Multicollinearity (Collinearity) is not a new term especially when dealing with multiple regression models. This phenomenon of relationship in between one response variable with the set of predictor variables also include models like classification and regression trees as well as neural networks. Collinearity is infamously famous for inflating the variance of at least one estimated regression coefficient, which can cause the model to predict erroneously and in a business setup it can have an unrepairable consequence.
So, the next logical question is how to identify collinearity?
While there are various techniques available to counter this problem, I specifically use two techniques that are readily available in most of the statistical applications:
In this article we will only talk about the Variance Inflation Factor(VIF) identification technique which is very useful for identify high multicollinearity among the predictor variables when working with MLR (Multiple Linear Regression Models).
It is also important to understand that VIF ranges from 1 upwards, where the VIF tells you in (decimal form) by what percentage the variance i.e. standard error squared is inflated for each coefficient.
VIF of 1.9 indicates that the variance for a particular coefficient is 90% bigger than what one should expect it to be.

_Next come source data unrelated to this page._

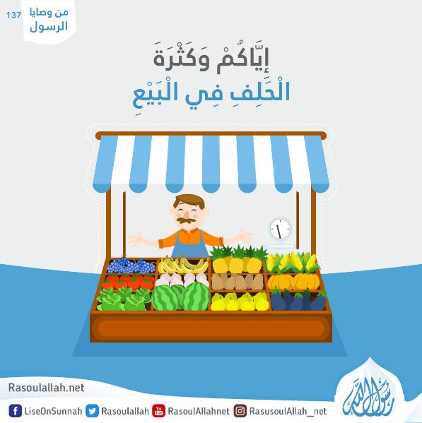 "إِيَّاكُمْ وَكَثْرَةَ الْحَلِفِ فِي الْبَيْعِ، فَإِنَّهُ يُنَفِّقُ ثُمَّ يَمْحَقُ".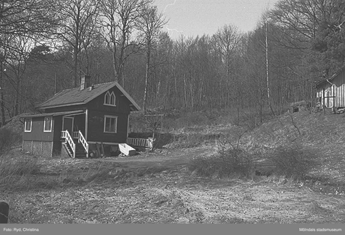 "Gröne backe" på Rådavägen 7, Sjövalla 1:1, Stensjön. Denna bruna träpanelsvilla låg vackert belägen intill Rådavägen i den gröna backen norr om Stensjön. Villan revs 1991. Bilden är tagen 1991.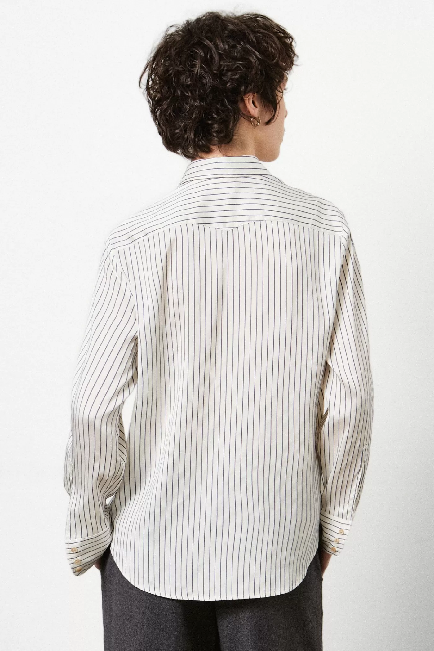 Shirt with pointed collar, soft fit, pointed yoke, without front placket, made of cotton silk.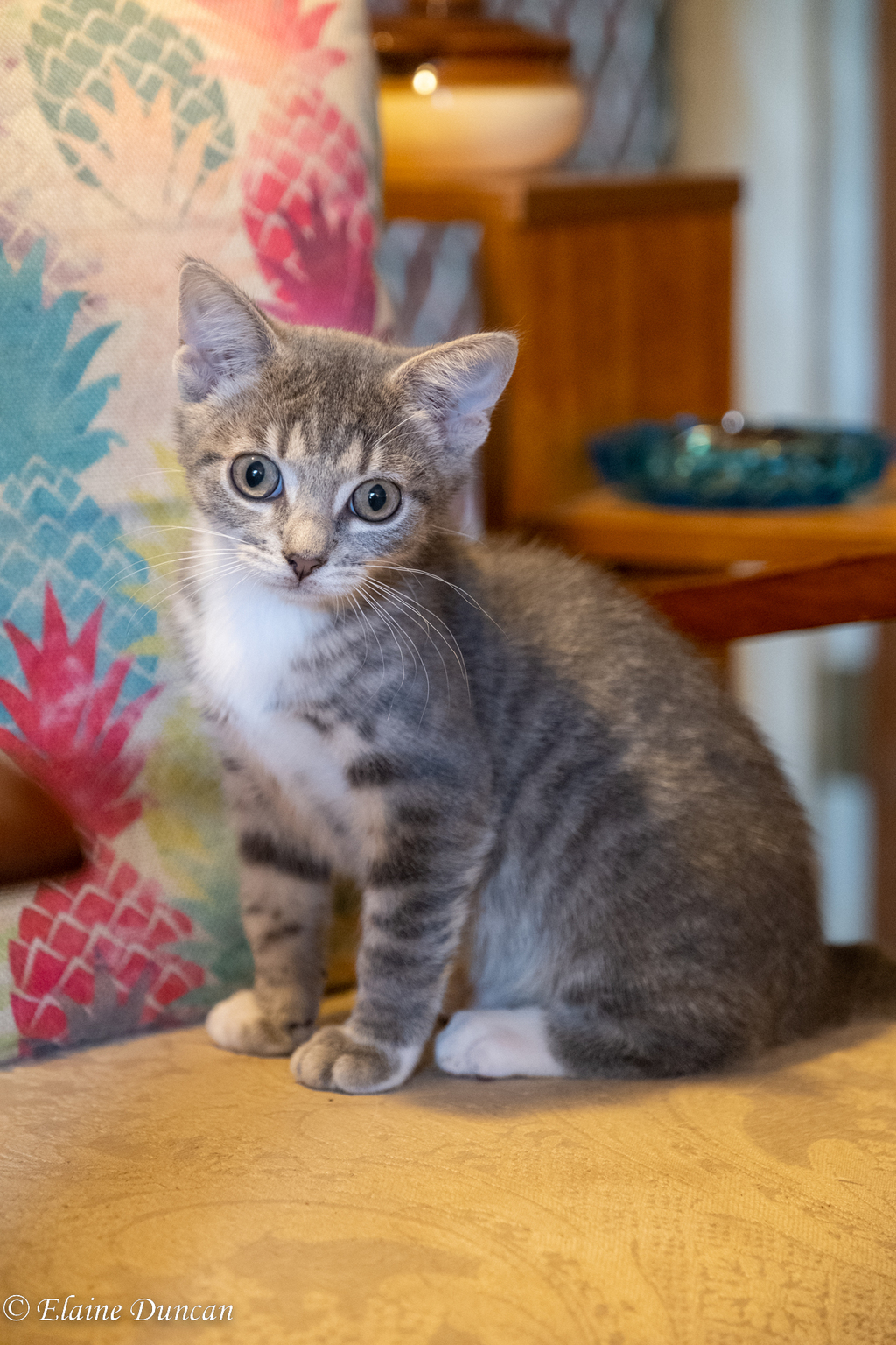 Jovie is a very pretty little girl with a lovely soft grey coat and cute little tummy spots. She is a queen and she knows it! It feels like Jovie is always watching and really taking the world in. She's curious about everything but observes anything new from a safe distance, letting her brothers launch in head first before she deems it safe, which sounds pretty sensible to us!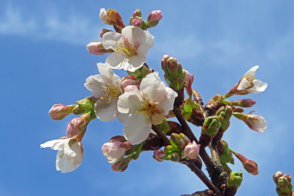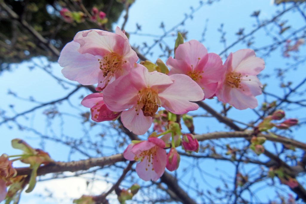 12:54、先ず咲き始めたカワズザクラを撮影したのち、紅梅ベニスズメに近付くと8分咲き程度となり、辺り一帯に濃厚な梅の香が漂っている。暫くするとヒヨドリが飛来したが、この姿に恐れをなしたのか、メジロは姿を見せない。俣野公園に入ると、濃赤色のカンヒザクラの蕾が膨らみ、最初の一輪も確認できる。近くには、早咲きのタマナワザクラ(ソメイヨシノ×オオカンザクラ)も二分咲き程度になっており、大船フラワーセンターで開発されたものが、この公園にも配布されたようである。池に近付くと、カワセミは確認できないものの、一昨日メジロを見かけたカワヅザクラの前で佇んでいると、狙い通りメジロが飛来する。この姿を捉えたのち霊園を通過すると、数羽のカワラヒワしか確認できなかったので、チョウゲンボウ他の野鳥に出会うため、天王森泉公園に下ることにする。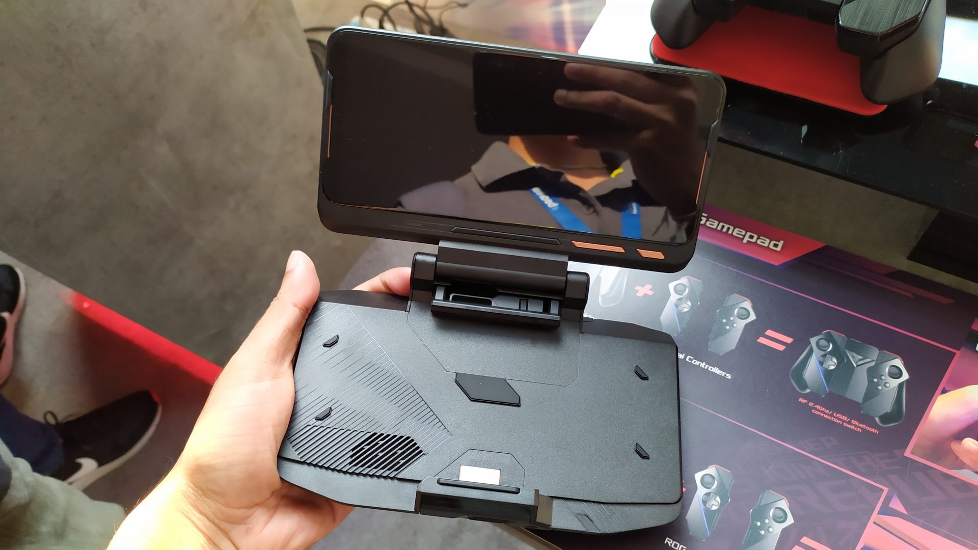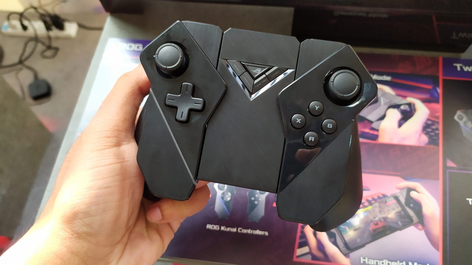Gamepad (หรือที่ชอบเรียกติดปากว่า Joystick) ที่สามารถประกอบให้เป็น Gamepad ชิ้นเดียว หรือถอดแยกแล้วใส่ประกอบใหม่ ให้เป็นรูปแบบ Handheld ได้ มีปุ่มถึง 25 ปุ่ม ทั้งบนตัวเครื่อง และรอบทิศทาง รองรับการเชื่อมต่อผ่านบลูทูธ และยังสามารถใช้งานกับพีซีได้ ผ่านสาย USB Type-C หรือ Wireless Dongle ก็ได้

Rules for identifying collinearity using VIF technique:
VIF values greater than 10 may indicate multicollinearity is unduly influencing your regression results. Consider removing unimportant predictors from your model.
In Minitab variance inflation factors can be obtained by running a simple multiple regression analysis via Stat>Regression>Regression>Fit Regression Model
The below snapshot clearly shows the VIF results for a model where the analyst is trying to create a Student Test Score result predictions based on the study hours and the alcohol consumption.
Multicollinearity is as much an opportunity as it is a problem to improve the predictability of the model and VIF identification is one of the effective and widely used procedures to improve the predictions for multiple linear regression model, helping the analysts to spot large variance inflating factors “without a sweat”.